Our world, our lives, at many times, involves stress and struggle. It is one of those things that actually creates growth and innovation. Tai chi has a great deal to teach us regarding stress and struggle. While we are programmed for fight or flight, there is an alternative.
There is stress, and then there is STRESS!!!!! And depending on our conditioning, this is either a good thing or a bad thing. We all know of that individual (perhaps you?) that actually finds the challenge of overcoming stress to be enjoyable. There are those of us who want nothing more than to avoid it. It’s too uncomfortable. We avoid it to the extent that when we can’t, we have stress on top of stress. I often see stress as “good” stress or “bad” stress. One motivates, the other defeats! That boundary, the shift from good to bad varies with each individual.
Learning tai chi for most beginners is a challenge. We are asked to be very specific in what we are doing with the hands and feet and pelvis and torso and head and the “center” (tan t’ien). The effort to be correct is anything but relaxing, yet we are encouraged to be correct, and then relax. Or more perplexing, relax and this will correct you. Of course both are true, but underneath all of this is a stressful situation. It is inherent in the learning process. In this way, tai chi replicates life.
I recall my own beginning. I was sort of good at putting the hands and feet in the right place. Then my teacher noted, “You work very hard…. TOO hard!” Man, you can’t win! I thought. But that is the teaching of tai chi – there are layers and looking correct is not necessarily correct. To be in the right shape, but not hold the shape, to relax the shape, to allow the shape to emerge from the movement, from the ground, from the air, from the center – all of this is going on. We tend to put ourselves in a vise, to squeeze ourselves into what we think is correct.
So to begin tai chi is to volunteer to work with something that looks easy, but in fact is not. This is dealing with stress in a good way, a playful way. Beginners need to pick at it bit by bit and enjoy the small victories until the day when it finally falls, more or less, into place. It is a pleasurable process. This is one reason that we learn it so slowly. We can’t be overwhelmed by the process in order to learn. We deal with enough stress to learn, but we do this slowly so that eventually there is some ease and relaxation too. Sometimes you just have to hang in there with the discomfort before grace falls from above.
My teacher, Maggie Newman, is always looking for a way to make it more comfortable. That may seem trivial, but in fact it is essential. Consider what Laurence Gonzales in Deep Survival, Who Lives, Who Dies, and Why has to say about children aged 6 and under. This group has one of the highest survival rates when caught in a disastrous situation, better than experienced hunters, physically fit hikers, former members of the military or skilled sailors. One aspect is that they try to make themselves comfortable, and staying comfortable helps keep them alive.
It is hard to say what will create real relaxation and comfort – each of us responds to something different, though each of us must maintain some level of effort to continue on. For some, this can take quite a while. This can feel like a struggle. Yet, stay with it long enough and it will happen. I have never seen anyone not make progress in their work on tai chi.
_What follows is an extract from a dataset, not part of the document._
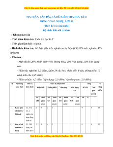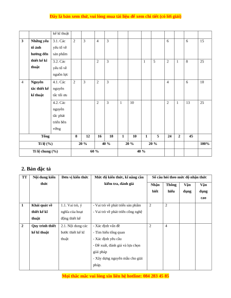 Mức độ nhận thức Tổng % kiến thức kiến thức tổng Nhận biết Thông hiểu Vận dụng Vận dụng Số CH Thời điểm cao gian (phút) Số Thời Số Thời Số Thời Số Thời TN TL CH gian CH gian CH gian CH gian (phút) (phút) (phút) (phút) 1 Khái quát 1.1. Vai 2 3 2 3 4 6 10 về thiết kế trò, ý kĩ thuật nghĩa của hoạt động thiết kế 2 Quy trình 2.1. Nội 2 3 4 3 6 6 15 thiết kế kĩ dung các thuật bước thiết

But wait! It gets worse! Now you have to be all of that, and let someone attack you. A new stress and a very complicated struggle. How on earth can relaxation lead to a martial art? Put two bodies together – any two bodies – and you have a struggle. In fact you have two layers of struggle: the first is within your own body, which now refuses to maintain all the hard won relaxation (mysteriously vanished!) and the second struggle is between two bodies as you try to deal with your partner’s attack.
Here, again, the wonder of tai chi gives you a new challenge. I often work with advanced form students who think that because they have skill in the form that this will automatically translate into good push-hands. They don’t realize that they have to take what skill they have and add to it. The only way to add to it is to practice push-hands with a partner. Because push-hands is complex, this requires great attention and time. The more you practice, the more you learn and the more interesting it becomes. But at first, it is usually a mystery (and a frustrating one at that!)
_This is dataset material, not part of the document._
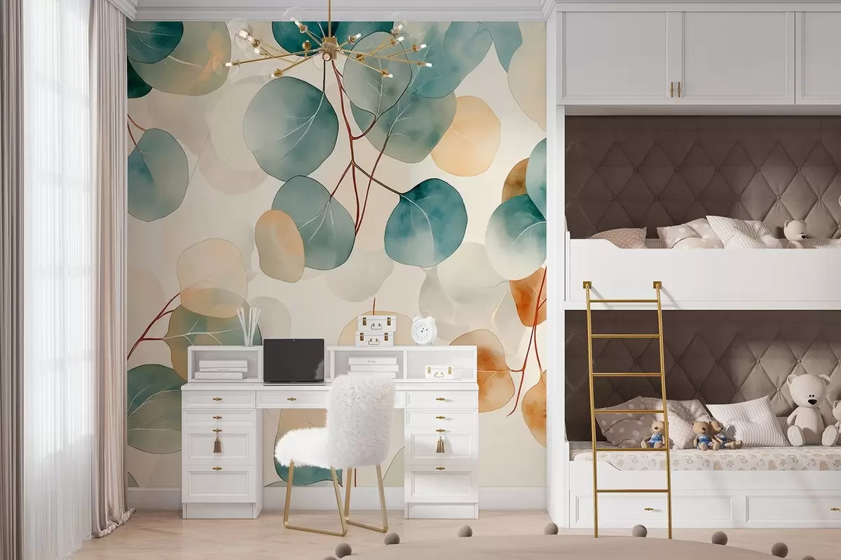 wall murals Watercolor style eucalyptus drawing, soft pastel colors, floral w02938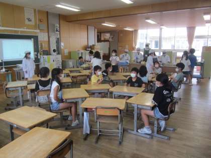 給食当番が手際よく盛り付けをしています。今日は、学校栄養職員の先生も、見守ってくださいました。

Of course, you have been practicing some of these skills while learning the form, but this context is very different. Now you have to adjust to an outside force that is moving at you. What are these new skills? Fundamentally, you need to stick and follow the direction of your partner. You have to play THEIR tune, and this requires listening with your physical body. You intentionally create harmony. You become as easy to move as a helium balloon, but as grounded as the Empire State Building. Stick, follow, listen… stick, follow, listen. AND keep connecting them into your feet. Make the two of you one big ball. You are only half of the equation at this point, no longer the whole ball that you were when doing the form. Don’t disturb their pathway. Again, find a way to make this comfortable. This becomes YOUR responsibility. If a pressure presents itself, be sure it connects to your rooted foot. These are rather new skills that you add to your relaxed, structurally sound, whole body movement from the form. One teacher told a push hands class to NOT STRUGGLE. Give up struggling. How? That is part of the struggle, discovering how to give up struggling. Again, there is intentionality at play here, and new skills to be learned.
So in a special way, tai chi replicates stress and struggle in life, but simultaneously offers you solutions to that very stress and struggle. Tai chi is about solving that problem. What a wonderful problem to solve!